Onun gözlerindeki ışığı görünce "Tamam len"dedim "okuyalım.."Biz bir olunca yapamayacağımız iş yoktur."dedim ve çizimlerin serüvenine katıldık.Baya zaman geçmiş..şimdi üniversite son sınıfız.Bir de şöyle elimizi ayağımızı tutacak yağuşuklu birilerini bulsak,çoluk çocuğumuza beşik tasarlasaydık.

Biz üniversiteyi Marmara Üniversite'sin de okuduk.Nilay erkek konusunda hep ön sırada bir liderdi.

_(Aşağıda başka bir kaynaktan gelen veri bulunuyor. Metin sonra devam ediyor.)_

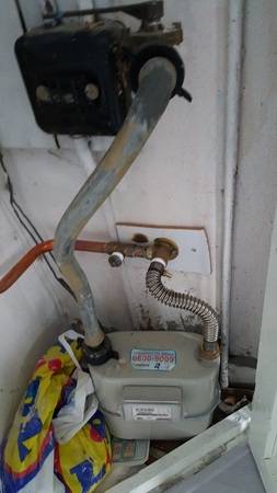Auf diese Anlagensituation stieß S. Ehrhardt (Vielen Dank!) nach dem Anruf einer Kundin: Das Gasgerät müsse umgehängt werden, damit sie wieder Warmwasser hat. Der Schornstein wurde vom Vermieter zurückgebaut (der BSM wurde darüber nicht informiert), der Abgasanschluss vom Brennwertgerät wurde dabei so belassen und mündete im Wohnzimmer. Das Brennwertgerät war noch in Betrieb, eine völlig neue Art der raumluftabhängigen Betriebsweise!
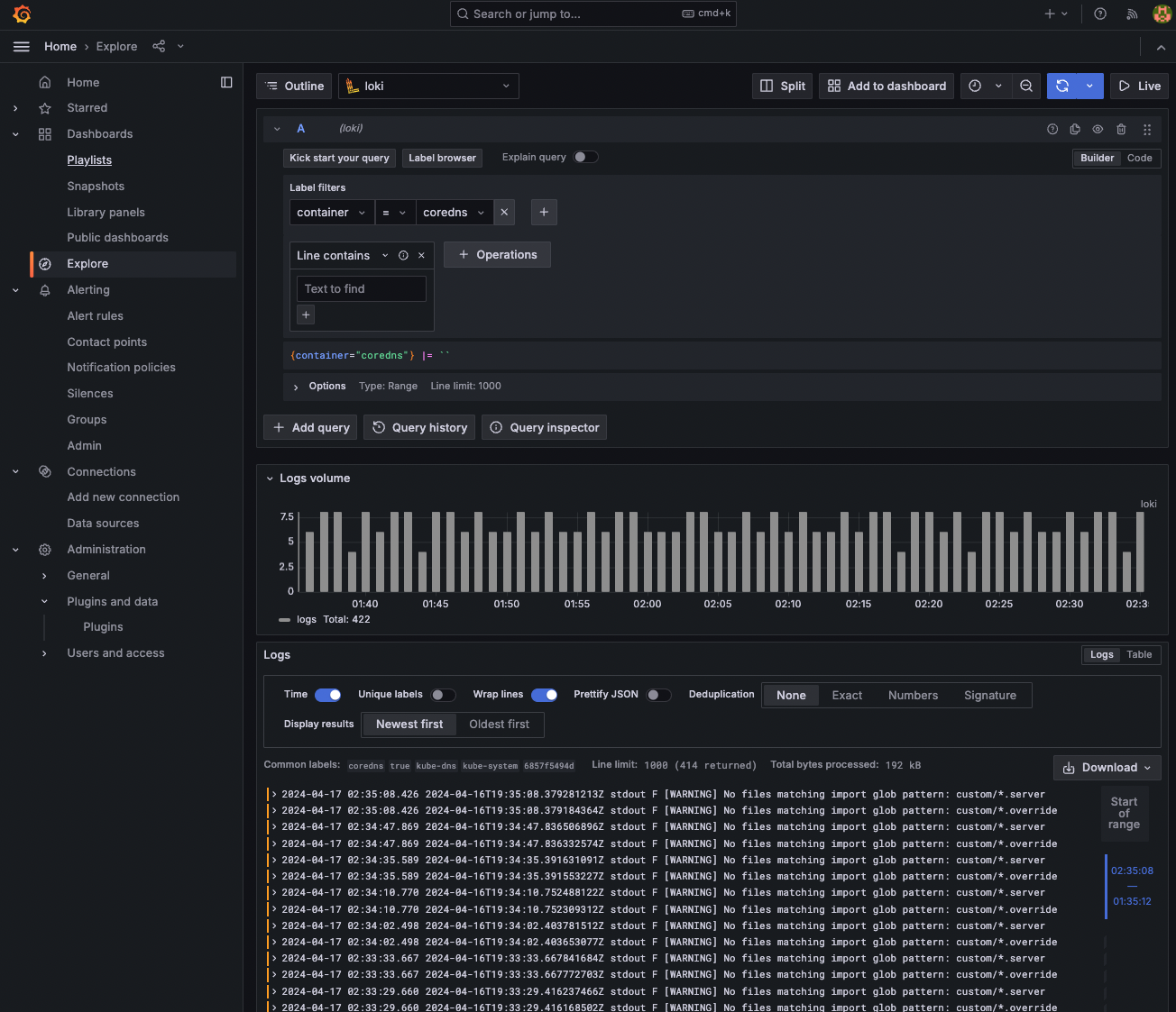 Sau đó bạn vào Explore và chọn vào datasource là Loki và query thử nhé
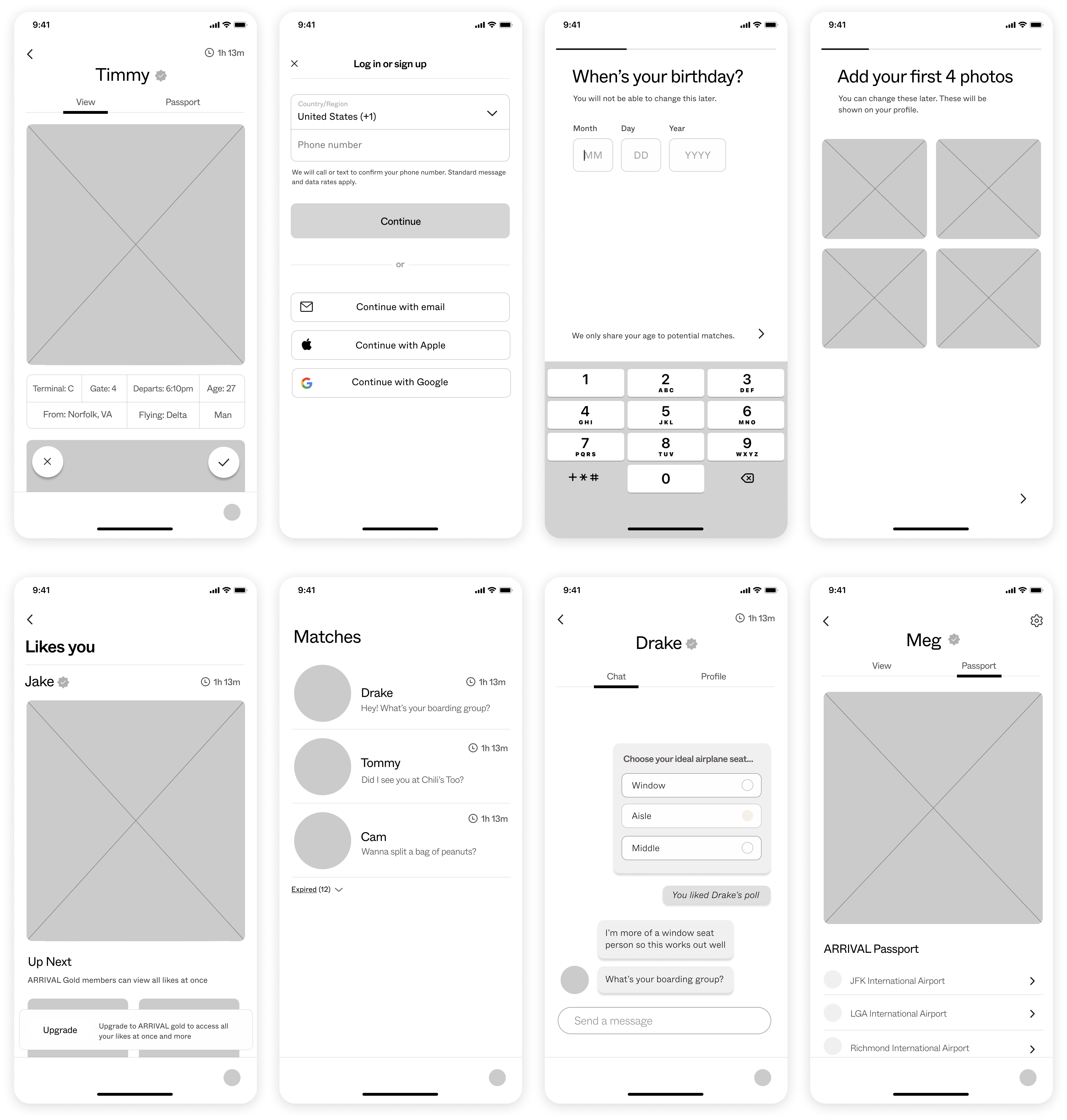 The mobile app framework was heavily inspired by Hinge, a popular dating app on the market today. In order to better understand the target user, specifically those using the app in airports, we created a journey map marking highlights from their thought process.

Daha Üniversite yıllarına yeni başlamıştık.Tabi ilk günümüz çok heyecanlıyız falan.. Nilay bizim eve gelmiş.Güzelce süslenerek okula gittik.Daha kapıdan adımımızı atar atmaz Nilay'ın kadrajına biri yakalandı.Hemen kesti ve şak yapıştırdı.Tuttu kolumdan ben 'bunu istiyorum' hee zaten o pamuk şekerdi de hemen isteyince alınacak.Gözlerimi pelerterek baktım ona "Yuh kızım destur Bismillah erkek kıtlığımı çekiyoruz"dedim.Bana gülmeye başladı"Evet kızım bilmiyor musun küresel ısınma erkekleri de etkiliyor."dedi deli kız.İkimiz beraber kahkaha ataraktan girdik içeriye ve tabi oradan da birkaç ponçik arkadaş grubu edindik.Nilay da kendisine yakışıklı bir erkek edindi.Böylelikle olgunlaştık büyüdük.Ne de güzel günlerimiz oldu onunla.En kötü günlerimde bana destek olan can yoldaşımdı o.

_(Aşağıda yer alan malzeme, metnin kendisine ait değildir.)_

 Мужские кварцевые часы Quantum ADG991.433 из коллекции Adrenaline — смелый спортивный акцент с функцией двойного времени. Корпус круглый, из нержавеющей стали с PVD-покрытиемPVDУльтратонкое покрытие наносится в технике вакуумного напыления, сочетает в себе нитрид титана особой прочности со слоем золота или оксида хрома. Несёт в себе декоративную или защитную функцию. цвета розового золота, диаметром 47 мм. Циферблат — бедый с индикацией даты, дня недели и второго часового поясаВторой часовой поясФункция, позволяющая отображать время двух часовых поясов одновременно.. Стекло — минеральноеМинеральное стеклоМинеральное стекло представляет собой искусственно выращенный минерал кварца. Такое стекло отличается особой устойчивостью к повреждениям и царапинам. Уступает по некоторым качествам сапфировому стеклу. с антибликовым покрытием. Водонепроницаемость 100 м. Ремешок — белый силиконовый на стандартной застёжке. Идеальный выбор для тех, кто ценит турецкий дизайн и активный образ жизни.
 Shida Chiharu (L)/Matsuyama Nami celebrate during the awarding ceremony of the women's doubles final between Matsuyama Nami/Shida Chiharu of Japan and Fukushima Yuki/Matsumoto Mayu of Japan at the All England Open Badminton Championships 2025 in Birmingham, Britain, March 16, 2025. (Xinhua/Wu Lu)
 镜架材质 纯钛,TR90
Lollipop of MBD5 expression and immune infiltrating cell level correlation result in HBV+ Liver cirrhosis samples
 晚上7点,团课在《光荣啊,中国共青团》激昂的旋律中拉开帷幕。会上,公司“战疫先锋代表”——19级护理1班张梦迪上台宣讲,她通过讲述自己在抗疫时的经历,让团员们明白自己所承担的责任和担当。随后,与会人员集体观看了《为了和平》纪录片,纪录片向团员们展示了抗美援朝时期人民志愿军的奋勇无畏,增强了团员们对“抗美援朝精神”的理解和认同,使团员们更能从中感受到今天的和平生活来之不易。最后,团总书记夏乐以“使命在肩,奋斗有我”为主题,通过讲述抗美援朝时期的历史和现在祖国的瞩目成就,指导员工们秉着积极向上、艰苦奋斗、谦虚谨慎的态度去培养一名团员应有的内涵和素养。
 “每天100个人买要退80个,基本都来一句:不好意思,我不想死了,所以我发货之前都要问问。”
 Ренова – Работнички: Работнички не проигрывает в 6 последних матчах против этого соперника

Buna rağmen ben yine o dehşet dolu anları gözümün önünden silemiyordum.İnsanın beyni aklı çok değişik çalışıyordu.Bir bulmaca gibi.Çünkü beyin acıyı hissetmiyordu.O an her şeyi unutmuştum,denize yaklaştığımda anladım oranın deniz olduğunu..Huzur veremezdi artık deniz bana...

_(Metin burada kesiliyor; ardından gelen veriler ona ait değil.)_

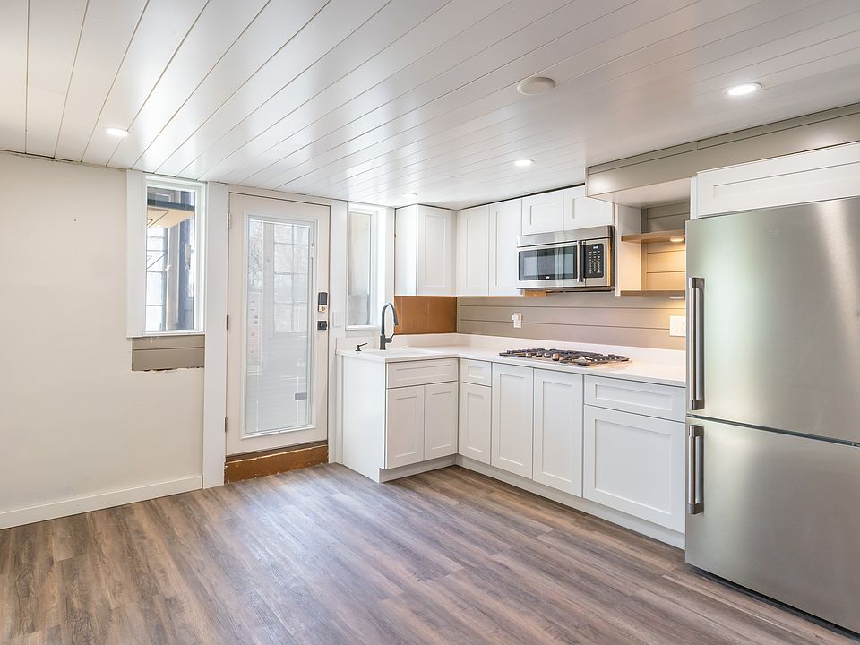 Great simple space entirely remodeled from bathroom, to living, bedroom, and kitchen.
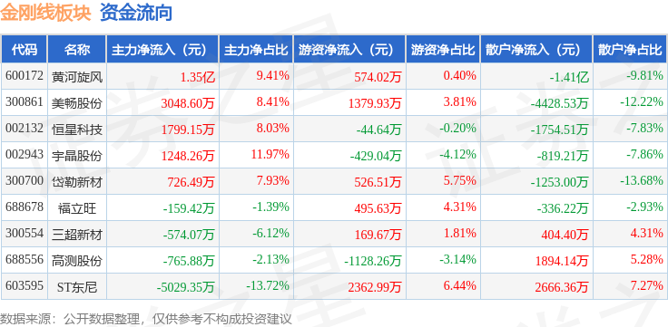 从资金流向上来看,当日金刚线板块主力资金净流入1.38亿元,游资资金净流入3906.82万元,散户资金净流出1.77亿元。金刚线板块个股资金流向见下表:
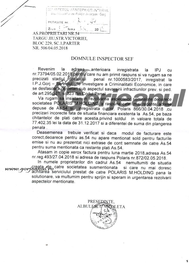 Asociația de Proprietari nr.54 din Târgu-Jiu, care primește încă facturi de la Polaris în care figurează și debitul de peste 77.000 de lei, bani plătiți de proprietari pentru gunoi, dar sustrași de către casiera aflată momentan în străinătate. Polaris are grijă în mai 2018 să informeze asociația că datorează banii sustrași, dar și că societatea a formulat o plângere penală împotriva propriei salariate, anexată aceluiași dosar 2604/P/2017.
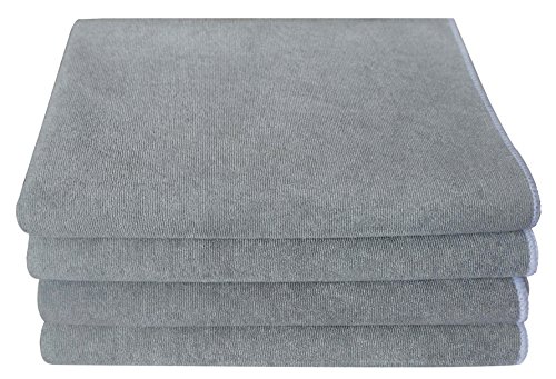 Gryeer Microfiber Kitchen Towels - Highly Absorbent, Thick and Lint Free Dish Towels - Great for Cooking in Kitchen, Household Cleaning, Bathroom and Garage - 20 x 28 Inch, 4 Pack, Gray
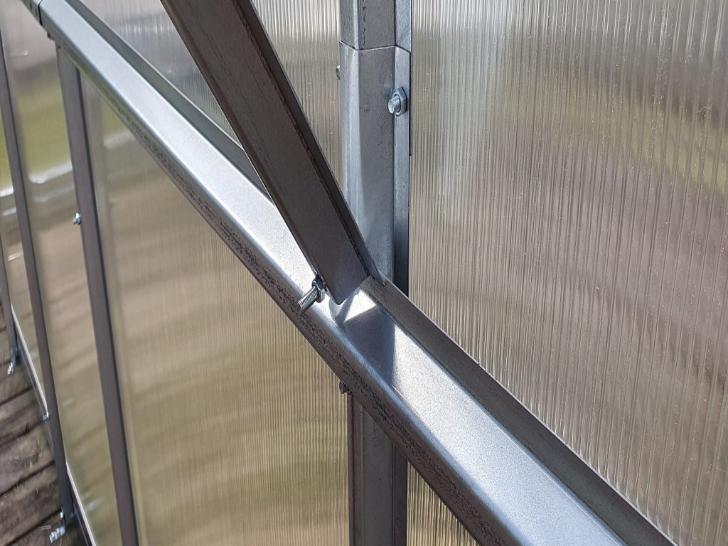 Konštrukcia skleníka je zoskrutkovaná zo žiarovo pozinkovaných oceľových omega profilov šírky 56 mm a hrúbky 1 mm. Profily sú žiarovo pozinkované = oceľ sa po príslušnej predbežnej úprave ponorí do zinkového kúpeľa s teplotou cca 450°C, zinok a oceľ pritom spolu reagujú a na povrchu ocele sa vytvorí zliatina železa a zinku. Toto nezničiteľné spojenie zinku a ocele vytvorí extrémne silnú odolnosť voči korózii. Jednotlivé rebrá nosných oblúkov sú od seba vzdialené osovo 100 cm. Predné čelo má dvojdielne dvere na pántoch, zadné čelo obsahuje vetracie okienko. Skleník nie je priechodný. Ako príplatkové príslušenstvo je možné dokúpiť strešné ventilačné okno, automatický otvárač okna, rôzne druhy regálov, teplomery, vlhkomery a pod.

Ama huzur bulduğum kişiler iyiki varlardı.Belki de hayat insana birşeylerin farkına varabilelim diye hata yaptırıyordur.Bakalım karşımıza daha neler neler çıkacaktı.

Ali'ye tavşan dişlerimi göstererekten güldüm.Ali'nin kaşları havaya kalktı."Ne o Derin, başına nazar mı değdi o sargı da ne?"diye sordu. Ben de ona mecbur aynı bahaneyi söyleyecektim. Bu sırrı benden başka kimse bilmemeliydi. Biliyorum Ali en yakın arkadaşımdı ama 'babam katil!' demeye gururum izin vermiyordu.

Başımı kaşıdım ve Ali'ye denize hava almak için gittiğimi,sağlam basamayıp düştüğümü,başımı da çarptığını söyledim.Ali gözlerini daha da açarak "Kızım sen aşık mısın? nasıl koca denizin orda ayağın kayıyor da düşüyorsun?" diye sordu.Ben de manasızca gülümsedim."Olabilir şekerim belki de beni düştüğümde kurtaran delikanlı için kendimi feda etmiş olabilirim."dedim ve ardından küçük bir kahkaha attım.Ali;"Derin sen iyi değilsin gel oturalım şuraya sana bir şekerli Aliş ısmarlayalım tatlı tatlı konuşalım malum ben de tatlı olunca şekersiz içilmiyor"dedi ve yine espiri patlamadan duramadı deli oğlan.

Köşedeki mavi sandalyeye doğru yöneltti beni ve oraya oturduk.O da garsona kahvelerimizi söyledi.Artık biliyordu benim sade kahve içmediğimi. Onun için bana sütlü kahve kendine de şekersiz kahve aldı.Kahvesinden bir yudum alıp bana manasız gözlerle baktı sanki dilimin altında bişey arıyor gibi.Ben de gözlerimi kırpıştırarak ona kaşlarımı kaldırıp ne oldu neden öyle bakıyorsun dercesine "Nee!" diye haykırdım.